#### Task description:
The records that follow are to be printed exactly, with no images.

#### Supplied data:
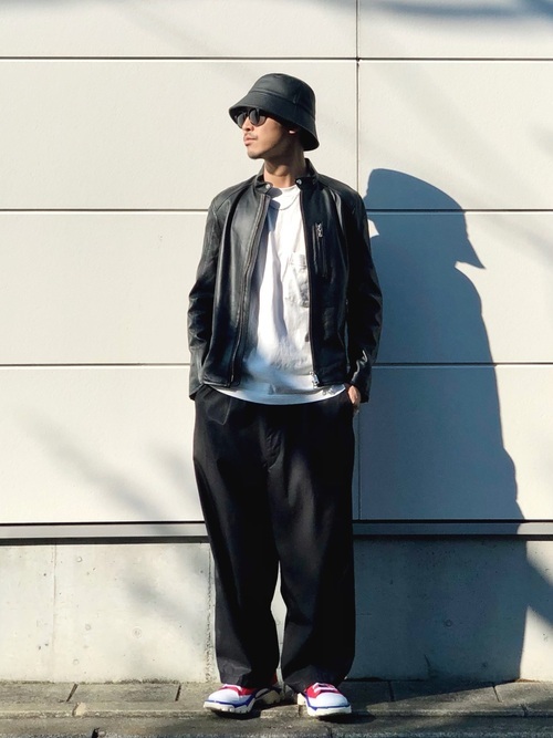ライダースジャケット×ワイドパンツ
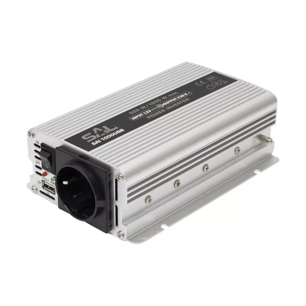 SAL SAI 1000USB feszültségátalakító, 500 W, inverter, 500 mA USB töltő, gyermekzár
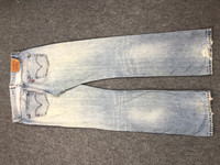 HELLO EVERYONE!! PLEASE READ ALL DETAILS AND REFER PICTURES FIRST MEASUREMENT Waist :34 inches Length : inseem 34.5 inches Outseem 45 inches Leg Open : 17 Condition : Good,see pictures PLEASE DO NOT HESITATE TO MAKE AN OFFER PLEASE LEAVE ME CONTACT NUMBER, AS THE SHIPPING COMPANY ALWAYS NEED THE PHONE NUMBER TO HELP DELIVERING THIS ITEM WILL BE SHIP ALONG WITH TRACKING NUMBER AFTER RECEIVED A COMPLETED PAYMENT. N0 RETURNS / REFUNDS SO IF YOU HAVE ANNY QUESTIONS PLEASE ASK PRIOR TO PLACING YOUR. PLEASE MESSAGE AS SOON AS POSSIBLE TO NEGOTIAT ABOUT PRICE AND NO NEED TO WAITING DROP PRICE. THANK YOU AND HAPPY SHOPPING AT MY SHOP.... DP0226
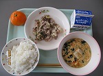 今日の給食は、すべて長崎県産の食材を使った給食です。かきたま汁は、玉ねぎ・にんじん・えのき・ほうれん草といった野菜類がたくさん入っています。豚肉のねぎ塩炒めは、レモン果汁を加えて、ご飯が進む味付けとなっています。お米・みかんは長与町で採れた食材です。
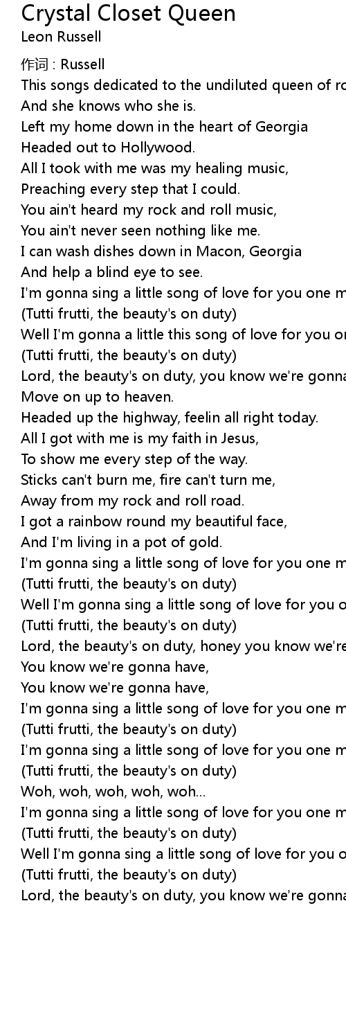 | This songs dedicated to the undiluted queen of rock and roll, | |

#### Result:
ライダースジャケット×ワイドパンツ
 SAL SAI 1000USB feszültségátalakító, 500 W, inverter, 500 mA USB töltő, gyermekzár
 HELLO EVERYONE!! PLEASE READ ALL DETAILS AND REFER PICTURES FIRST MEASUREMENT Waist :34 inches Length : inseem 34.5 inches Outseem 45 inches Leg Open : 17 Condition : Good,see pictures PLEASE DO NOT HESITATE TO MAKE AN OFFER PLEASE LEAVE ME CONTACT NUMBER, AS THE SHIPPING COMPANY ALWAYS NEED THE PHONE NUMBER TO HELP DELIVERING THIS ITEM WILL BE SHIP ALONG WITH TRACKING NUMBER AFTER RECEIVED A COMPLETED PAYMENT. N0 RETURNS / REFUNDS SO IF YOU HAVE ANNY QUESTIONS PLEASE ASK PRIOR TO PLACING YOUR. PLEASE MESSAGE AS SOON AS POSSIBLE TO NEGOTIAT ABOUT PRICE AND NO NEED TO WAITING DROP PRICE. THANK YOU AND HAPPY SHOPPING AT MY SHOP.... DP0226
 今日の給食は、すべて長崎県産の食材を使った給食です。かきたま汁は、玉ねぎ・にんじん・えのき・ほうれん草といった野菜類がたくさん入っています。豚肉のねぎ塩炒めは、レモン果汁を加えて、ご飯が進む味付けとなっています。お米・みかんは長与町で採れた食材です。
 | This songs dedicated to the undiluted queen of rock and roll, | |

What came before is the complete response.